> The problem: Verbatim copy without images: repeat the records in full.

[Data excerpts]
--- START ---

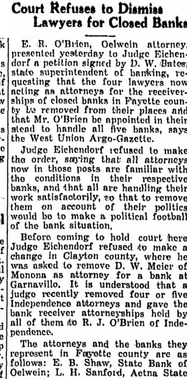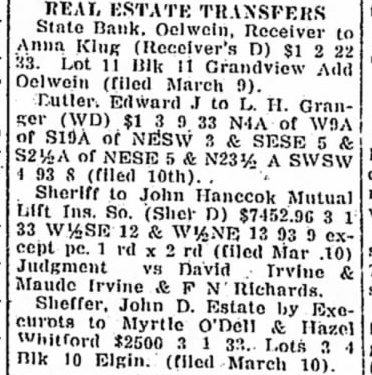 Wichman, Joseph wf. to John B. Gallagher, Recv. Chi. Joint Stock Land Bank (QCD) date of NE 10 (filed Mar. Balk, Philip to Schlichte (WD) $700 3-6-33 date parcel in NWSE 95 (filed Mar. 17). Sherim to Tonn (Sher date lots block Miles Add. Oelwein Emil Zenft (filed Mar. 20). State Bank, Octwein, Receiver Jesse Alta Reid date 2-22-33 lot block Armstrong Add. Oelwein (filed Mar. to Chi. Joint Stock Land Bank (Sher D) $10,000 date SW 3.91A part SESE & NWNE 17 (filed Mar. 20). Sanerbry, Edward et al to Bess Smith (WD) $1 date 2-20-33 Und. 5-11 21 block Fayette (filed 20). Sauerbry, James et al to Bess Edna Smith (WD) $1 date 5-11 lot 21 block Fayette (filed Mar. 20). Werner. Herman W. & to Equit. Life Ins. Co. (WD) $16000 date NE strip rds. wd. side NW 22 SESE 16 (Mar. 20).
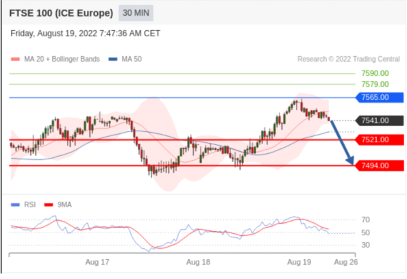 交易策略: 在 7565.00 之下,看跌,目标价位为 7521.00 ,然后为 7494.00 。
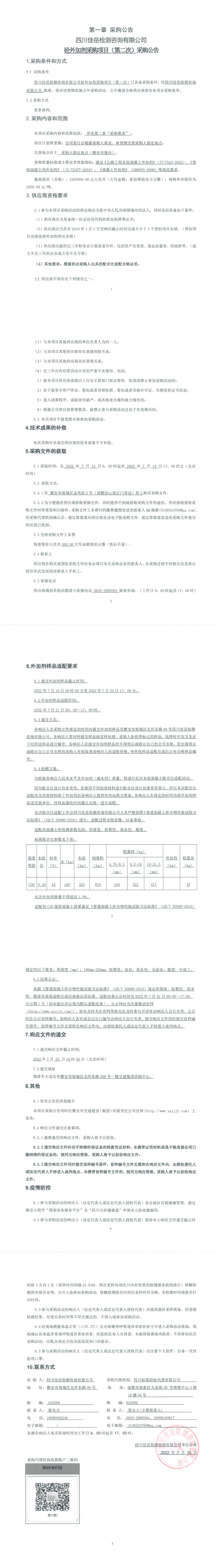 四川佳岳檢測咨詢有限公司砼外加劑采購項目(第二次)采購公告
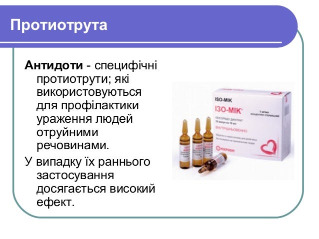 - 6. Протиотрута Антидоти - специфічні протиотрути; які використовуються для профілактики ураження людей отруйними речовинами. У випадку їх раннього застосування досягається високий ефект.
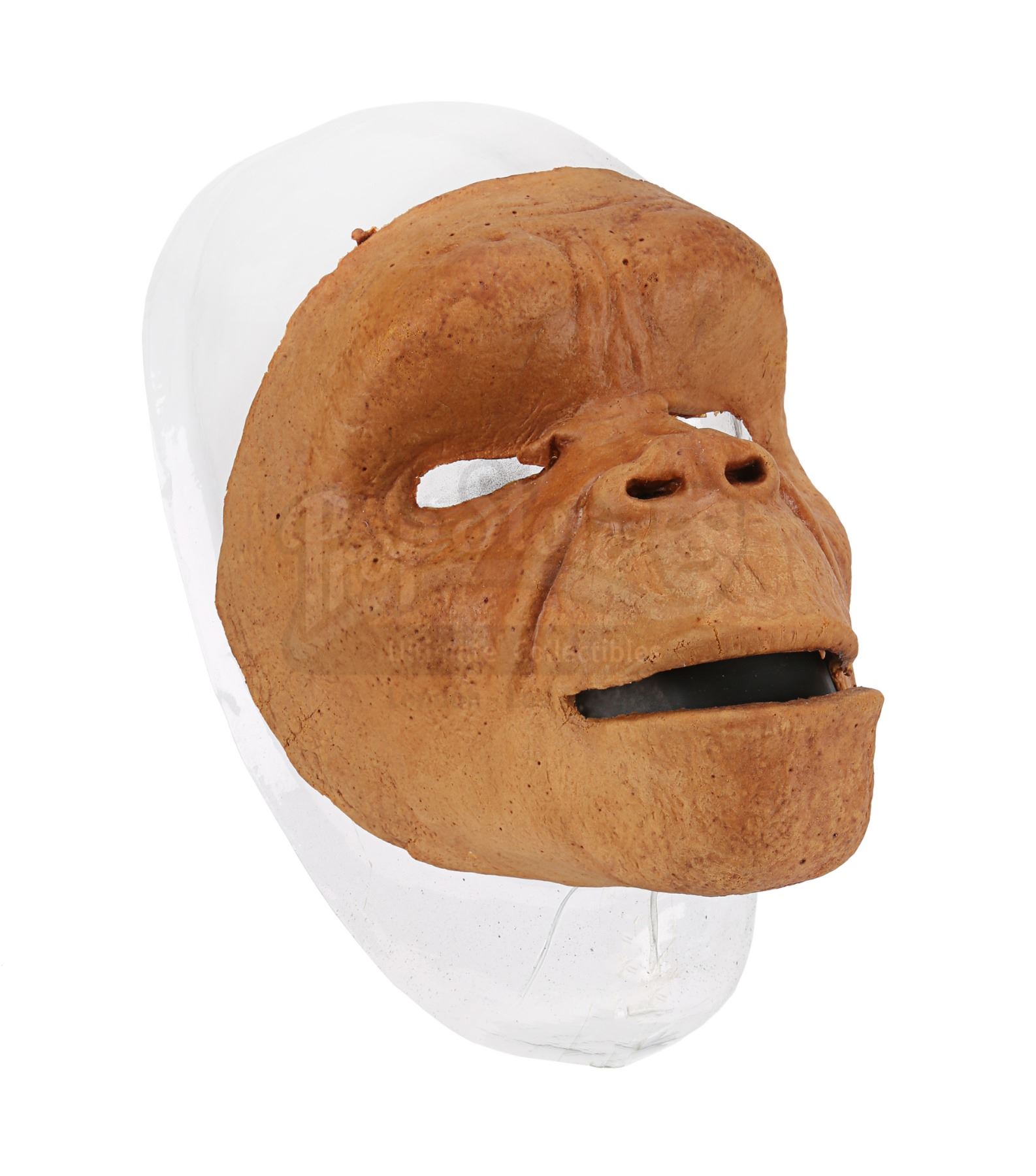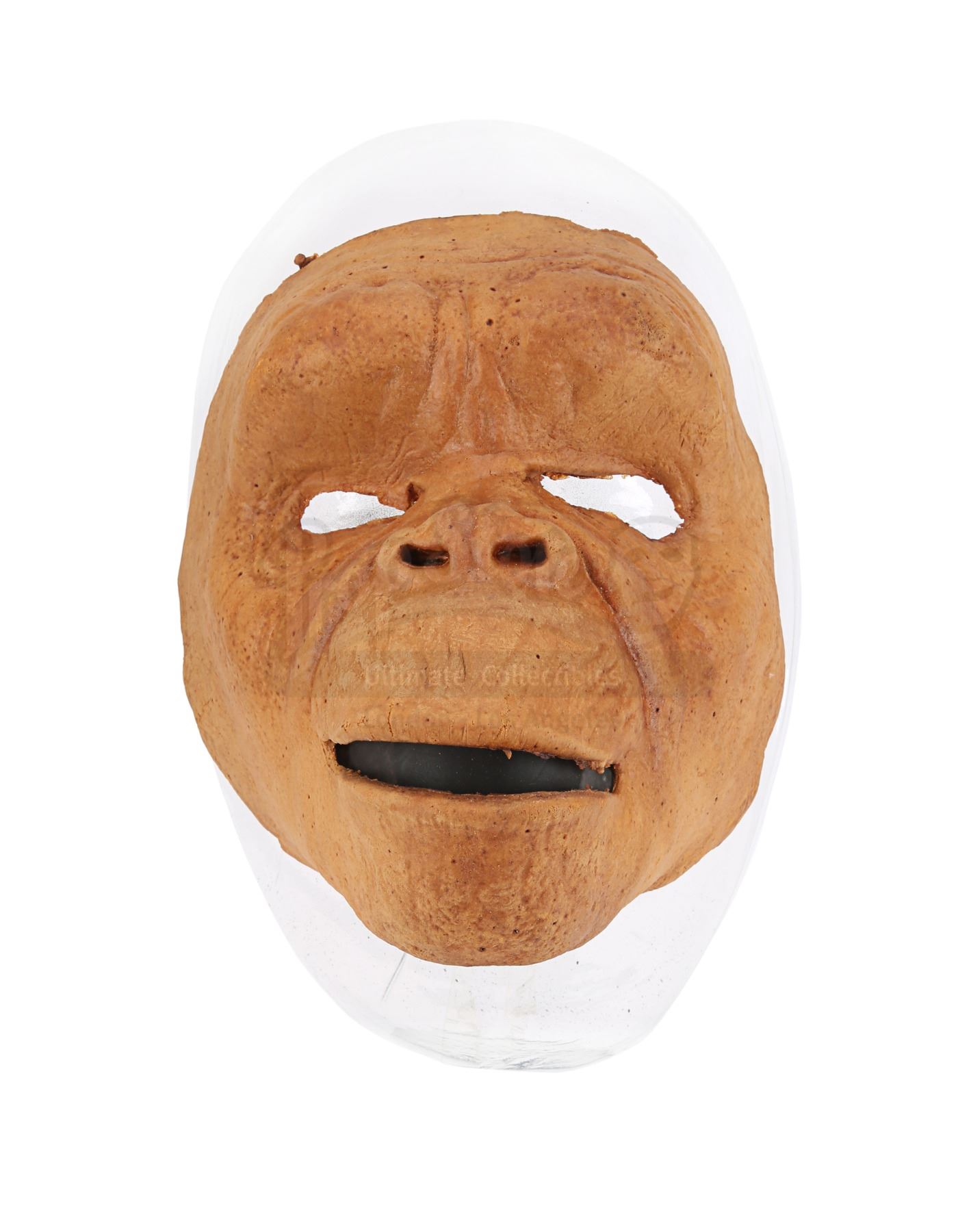 Created by renowned make-up and special effects technician Stuart Freeborn, the brown foam-latex prosthetic face features a pronounced brow ridge, eye holes, a detailed nose and a slightly opened mouth. The interior is labelled "Dan, ED6, C3", referring to credited ape performer Danny Grover, and the mask rests on a plastic face support.
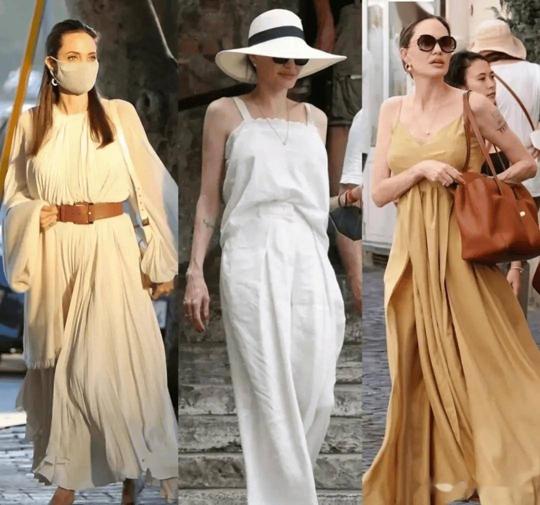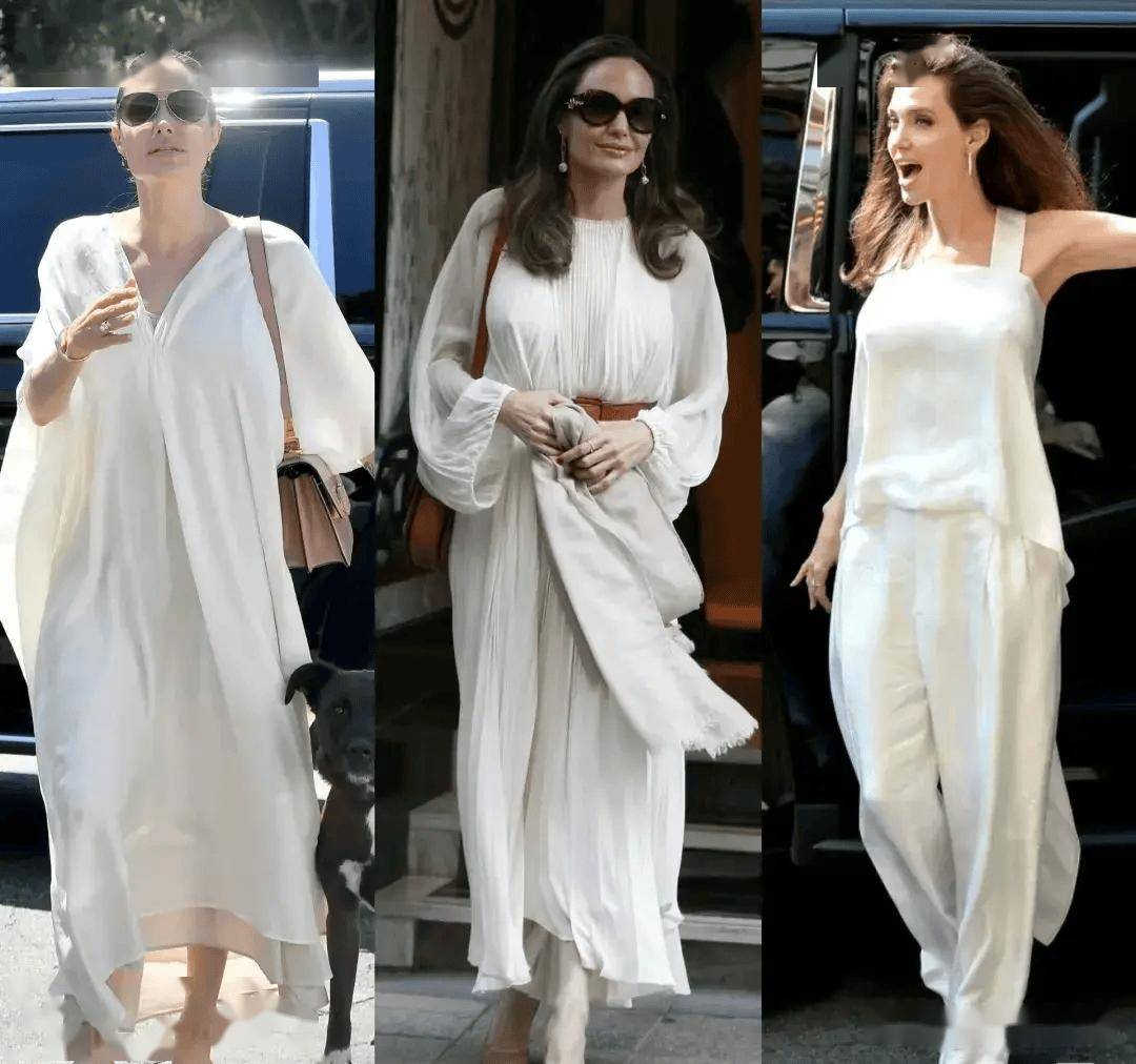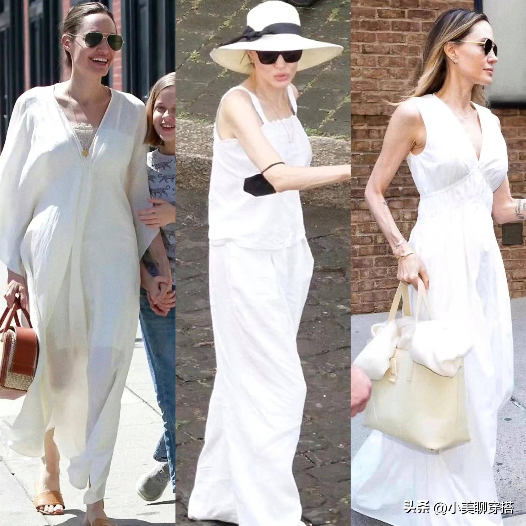 比如朱莉选择了白色的连衣裙,包包与鞋子则是低调的大地色系,看着既不张扬,又显得高级,而且包包与鞋子选择了同色系,看着就更有质感了。

--- END ---

> Result of the task:
 Wichman, Joseph wf. to John B. Gallagher, Recv. Chi. Joint Stock Land Bank (QCD) date of NE 10 (filed Mar. Balk, Philip to Schlichte (WD) $700 3-6-33 date parcel in NWSE 95 (filed Mar. 17). Sherim to Tonn (Sher date lots block Miles Add. Oelwein Emil Zenft (filed Mar. 20). State Bank, Octwein, Receiver Jesse Alta Reid date 2-22-33 lot block Armstrong Add. Oelwein (filed Mar. to Chi. Joint Stock Land Bank (Sher D) $10,000 date SW 3.91A part SESE & NWNE 17 (filed Mar. 20). Sanerbry, Edward et al to Bess Smith (WD) $1 date 2-20-33 Und. 5-11 21 block Fayette (filed 20). Sauerbry, James et al to Bess Edna Smith (WD) $1 date 5-11 lot 21 block Fayette (filed Mar. 20). Werner. Herman W. & to Equit. Life Ins. Co. (WD) $16000 date NE strip rds. wd. side NW 22 SESE 16 (Mar. 20).
 交易策略: 在 7565.00 之下,看跌,目标价位为 7521.00 ,然后为 7494.00 。
 四川佳岳檢測咨詢有限公司砼外加劑采購項目(第二次)采購公告
 - 6. Протиотрута Антидоти - специфічні протиотрути; які використовуються для профілактики ураження людей отруйними речовинами. У випадку їх раннього застосування досягається високий ефект.
 Created by renowned make-up and special effects technician Stuart Freeborn, the brown foam-latex prosthetic face features a pronounced brow ridge, eye holes, a detailed nose and a slightly opened mouth. The interior is labelled "Dan, ED6, C3", referring to credited ape performer Danny Grover, and the mask rests on a plastic face support.
 比如朱莉选择了白色的连衣裙,包包与鞋子则是低调的大地色系,看着既不张扬,又显得高级,而且包包与鞋子选择了同色系,看着就更有质感了。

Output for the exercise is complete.